Was macht eigentlich... ...Johnny Logan?


Dem irischen Sänger ist es bisher als einzigem Künstler gelungen, den jährlich stattfindenden Grand Prix d’Eurovision zweimal zu gewinnen.

Bürgerlich heißen Sie Sean Patrick Michael Sherrard O’Hagan. Wie kamen Sie zu Ihrem Künstlernamen?

Ein Kerl namens Roberto Montecristo hat mir den gegeben, ein nicht sehr erfolgreicher italienischer Schlagersänger. Er wollte mich in seiner Heimat bekannt machen, das war Ende der 70er Jahre. Und er fand, Johnny Logan klänge für einen Sänger irischer und besser. Und so feierte ich meine ersten Erfolge als Johnny Logan.

Um den es nach dem ersten Grand-Prix-Sieg 1980 in Den Haag ziemlich still geworden ist.

Dort zu gewinnen war einfach unglaublich, doch ich konnte damit nicht umgehen. Ein halbes Jahr nach Den Haag fiel mir auf, dass ich bei all den Auftritten immer nur "What’s Another Year" gesungen habe. Du kannst aber nicht dein ganzes Leben lang immer nur ein Lied singen. Also bin ich zur Plattenfirma gegangen und sagte, dass ich eine neue Art von Musik einspielen wolle.

Was denn zum Beispiel?

Zu der Zeit lief dieses New-Romantic- Ding, mit Duran Duran und Spandau Ballet. Ich war 26 und wollte auch so etwas machen. Aber die Plattenfirma wollte nicht, und es kam zum Konflikt.

Bei dem Sie alles verloren?

Irgendwann bemerkte ich, dass all mein Geld weg war. Eine ziemlich hoffnungslose Zeit.

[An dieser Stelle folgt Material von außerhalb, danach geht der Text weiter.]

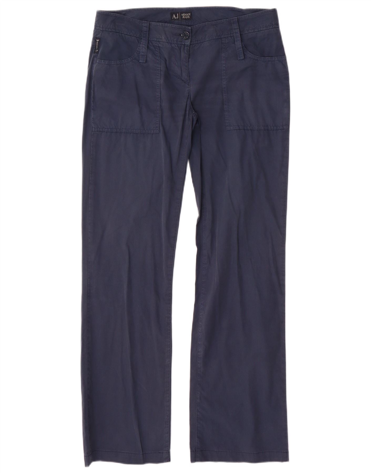 ARMANI Womens Straight Casual Trousers W28 L31 Navy Blue Cotton

Und dann haben Sie "Hold Me Now" geschrieben.

Ich musste wieder bei null anfangen. Nach dem ersten Grand-Prix-Sieg hatte ich eine Menge gelernt, konnte jetzt vieles besser machen. Und ich wusste, wie wichtig ein zweiter Sieg sein könnte. Also setzte ich alles auf eine Karte und machte 8500 Pfund Schulden, um das Stück vorab einspielen zu können.

Und tatsächlich gewannen Sie 1987 in Brüssel zum zweiten Mal.

Ja, alles lief wunderbar. Zwar wollte mich danach die Industrie wieder in die Schnulzenecke drängen. Aber ich war überzeugt, dass es ein Publikum gibt für das, was ich machen will. Und ein Publikum habe ich in den letzten 20 Jahren ja auch gefunden: in Skandinavien, den Beneluxstaaten - und natürlich hier in Deutschland.

Deutschland ist ein gutes Stichwort: Dass wir uns in München treffen, ist nicht bloß Zufall?

Nein, nein, ich komme in letzter Zeit immer öfter nach Deutschland. Natürlich auch, um meine Freundin Tanja Surmann zu treffen. Sie arbeitet hier in München als Promotion Direktorin einer großen Plattenfirma.

Sie haben sich im Job kennengelernt?

Tanja hat damals bei Ralph Siegel gearbeitet.

Ralph Siegel? Den haben Sie doch 1980 und 1987 geschlagen?

Trotzdem sind wir Freunde geworden. Ich war zu Aufnahmen in München, als Ralph mich in sein Studio einlud. Und da habe ich Tanja kennengelernt, wir sind uns in der nächsten Zeit sehr vertraut geworden. Und nachdem ihre Ehe in die Brüche gegangen ist, sind wir uns halt noch näher gekommen. Aber Tanja ist nicht nur meine Freundin, sie ist auch ein wirklich guter Freund. Das ist mir ziemlich wichtig, da ich ja noch immer sehr viel unterwegs bin.

Haben deutsche Frauen etwas Besonderes?

Da muss ich jetzt genau überlegen und werde versuchen, diplomatisch zu antworten. Diejenigen Frauen, die ich kenne, ja, die haben etwas Besonderes. Ich habe einige Menschen aus Hamburg kennengelernt, da kommt Tanja auch her. Und die Hanseaten können wirklich dickköpfig sein, sehr dickköpfig sogar.

So wie die Iren.

Genau! Das aber ist für mich genau das Richtige.